Anne was one of Bresson’s “models,” the non-actors he hired to play the lead in his films. She is also one of the few Bresson performers to subsequently become a movie star (Dominque Sanda is the most prominent example). She was a perfect performer for Bresson, as she hit the right notes of innocent and fragile curiosity for her character in Balthazar.


In one of her books she wrote that Bresson was infatuated with her and asked her to marry him. She declined the offer and instead wound up romantically involved with one of Bresson’s most talented fans, Godard. 



She did not, however, have vehicles written for her by JLG, as Anna Karina did, because her marriage to Uncle Jean occurred while he was an ardent Marxist who was making overtly political films — which, nonetheless, happen to feature some of the prettiest women seen in cinema (all lit and framed to perfection by JLG).

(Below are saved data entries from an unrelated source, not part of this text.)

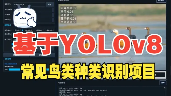 本项目集成了 YOLOv8 目标检测模型 与 PyQt5 图形界面工具,实现了包括 图片 / 文件夹 / 视频 / 摄像头 等多种输入方式的鸟类识别功能。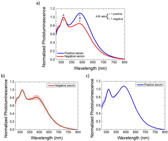 Finally, for a better comparative analysis, the sensing devices that use negative and positive sera also underwent an evaluation of the influence of their concentration, as shown in Figure 6b,c. For this analysis, the sera were diluted 1000 and 3000 times. It was possible to observe, in addition to the persistence of the peak proportions, the high sensitivity due to the small variation in the photoluminescence spectrum.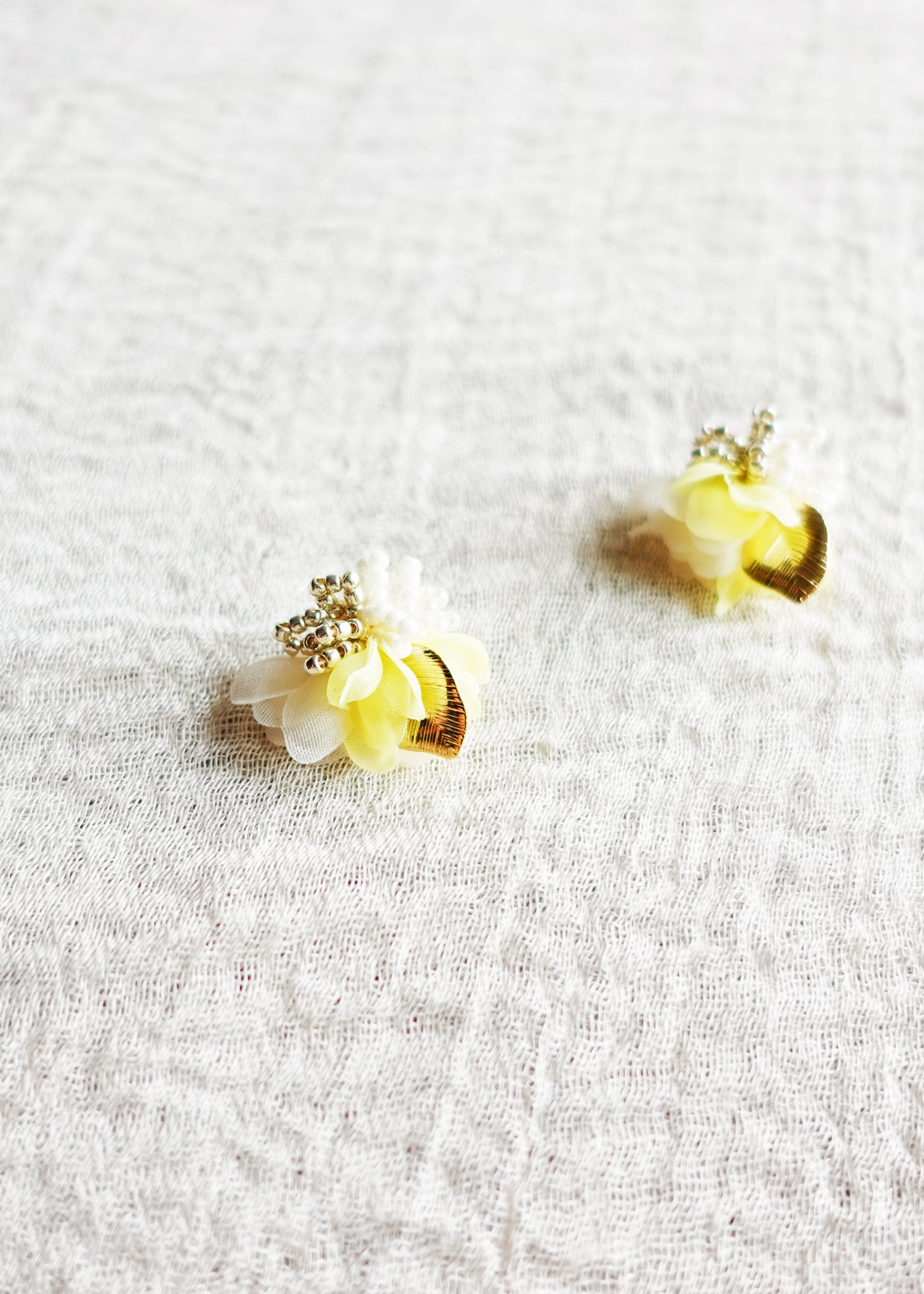Aurea Bloom Earrings are handcrafted with fine cordonnet cotton thread and delicate glass beads using our signature crocheted technique. Soft white and yellow hues form sculptural floral charms, each accented with a gracefully shaped gold leaf.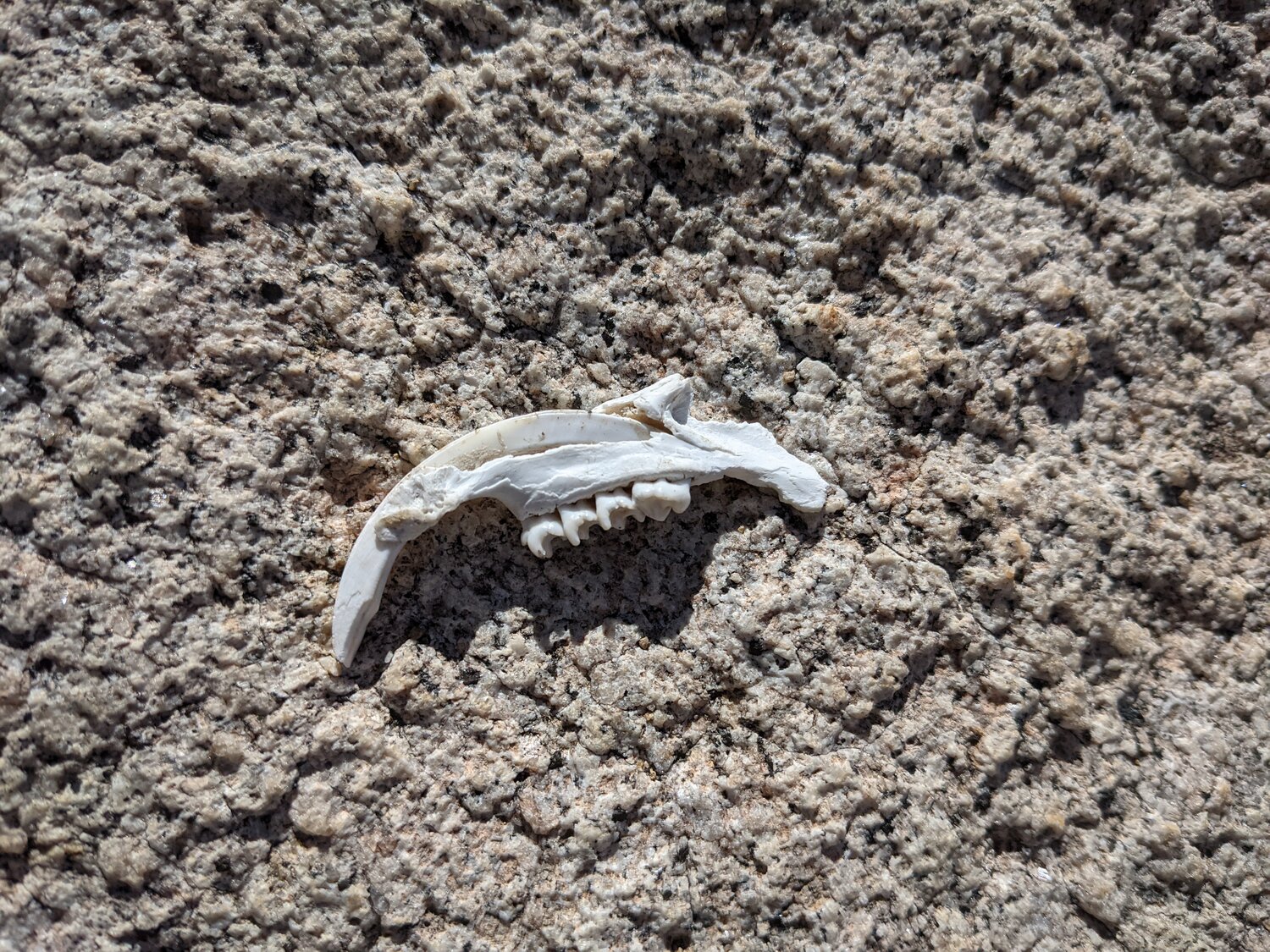 Some sort of jawbone we found on a rock, maybe a vole or some other kind of rodent?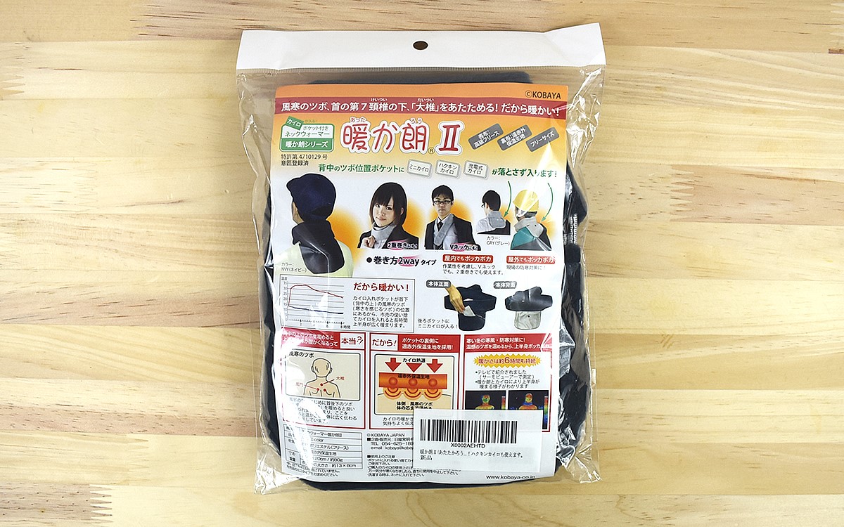 最近は近くのコンビニへ買い物に出かけようと思っても、マフラーや手袋でしっかり防寒しないと外に出られない私。特に風が強い日は、なるべく素肌を出さないように着込まないと驚くほど体が冷えてしまいます。たまに貼るタイプのカイロを使うこともあるのですが、貼りっぱなしだと暖かい室内で熱く感じてしまうことも。そこでカイロの暖かさをもっと効率よく利用するために、「暖か朗Ⅱ」(2470円/税込)を購入しました。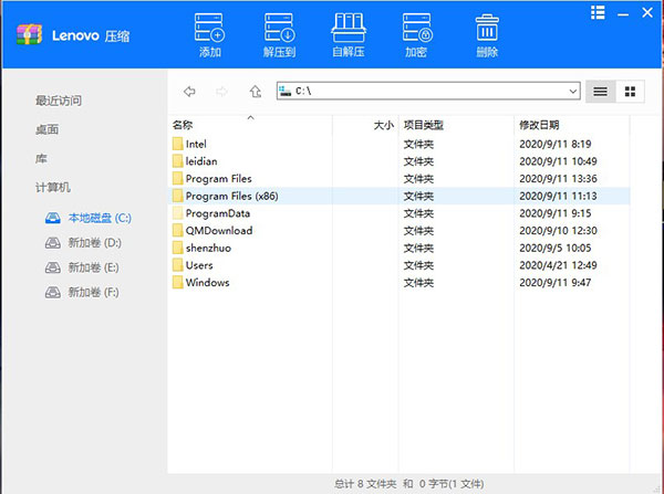 联想压缩官方版是一款功能强大的文件压缩解压缩软件,可帮助用户快速将文件进行压缩或解压,支持大部分的压缩格式,软件提供了压缩、解压、自解压和加密四种功能,且这四个功能全部显示在同一界面,便于用户快速选择,且每个功能都对应一个操作界面,每个功能的操作都非常简单。且支持多种格式压缩解压。让用户轻松解压压缩文件,节省电脑存储空间。用户也可以直接在软件界面查看磁盘或文件夹,还可查看不同文件夹下的所有文件,并将这些文件的相关信息显示在列表中,提供不同的显示方式,以指定方式进行显示。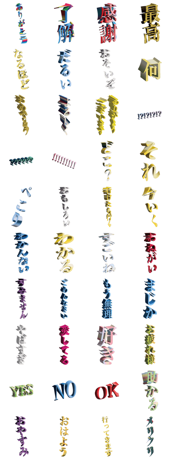 | スタンプ説明 | 3D文字 立体テキスト デカ文字 派手 ギラギラ キラキラ 金 ピカピカ 虹 グラデ 光沢 縁取り 太字 インパクト ネタ 面白い 使いやすい LINE 絵文字 ※このスタンプはトークルームで大きく表示されるBIGスタンプです。 |

She made seven films with Godard, including his arthouse hits La Chinoise (1967) and Sympathy for the Devil (aka One Plus One, 1968); in the other five of the seven films she either has no character name or is uncredited. Her presence in the films is privileged, with her most often playing a “searcher” who is looking to understand politics and its effect on the average person.

This is seen to best advantage in a long scene in La Chinoise where she asks real-life philosopher Francis Jeanson (playing himself) about revolution. Her character Veronique advocates terrorism, but seems ignorant of the consequences of terrorist behavior.


The wondrous “music video” trailer Godard created for the film:


Godard continued to use her as a “searcher” in the scattered but entertaining Sympathy for the Devil.


Several filmmakers openly proclaimed their worship of Godard by emulating his framing and editing style and, most importantly, “stealing” his lead actors. These included Pier Paolo Pasolini, Alain Tanner (for one film, Le Retour d’Afrique), and a major Funhouse favorite, Marco Ferreri

Ferreri cast Wiazemsky as the “Eve” figure in his post-nuclear Garden of Eden fantasy The Seed of Man (1969, below). In true Ferreri style, the film is both fascinating and, at points, downright odd — and features a beach as one of its main settings.


Pasolini cast Wiazemsky twice, the first time in his brilliant Teorema (1968), which has a plotline that has been ripped off several dozen times (but always without the “downer” ending). She is the daughter of the family that is affected by drifter Terrence Stamp, who sleeps with each member of the clan (including the father!). It’s a strong, well-rendered scenario.


Her second and last time starring in a Pasolini film was Porcile (1969), his wildly allegorical film about capitalism, with the main capitalist here owning a pig farm (get the symbolism?). It’s such an unsubtle allegory that PPP asked his friend Marco Ferreri (no stranger to unsubtle allegories) to costar as one of the capitalists.

Most important, though, are the two stars, both Godard stalwarts. Jean-Pierre Leaud — in his high-energy, fond-of-recitations Godardian incarnation — stars as the scion of the capitalist family, while Wiazemsky plays his politically engaged girlfriend.


Wiazemsky did indeed reinvent herself in the late Eighties, as her first book was published in 1988, the same year that her last movie was released.

Only one of her books has been translated into English thus far (My Berlin Child), but many positive reviews of her novels in French can be found online. In her obit in the left-wing newspaper Liberation, it was noted that “discreetly, book after book, she forged a status as a loved and recognized, often award-winning, novelist.”

Her movie career was indeed memorable, thanks to Godard crafting several indelible images around her. But Bresson’s utilization of her inquisitive, sad-looking visage enshrined her forever in the memory of most fans of great cinema. It’s hard to forget Balthazar once one has seen it.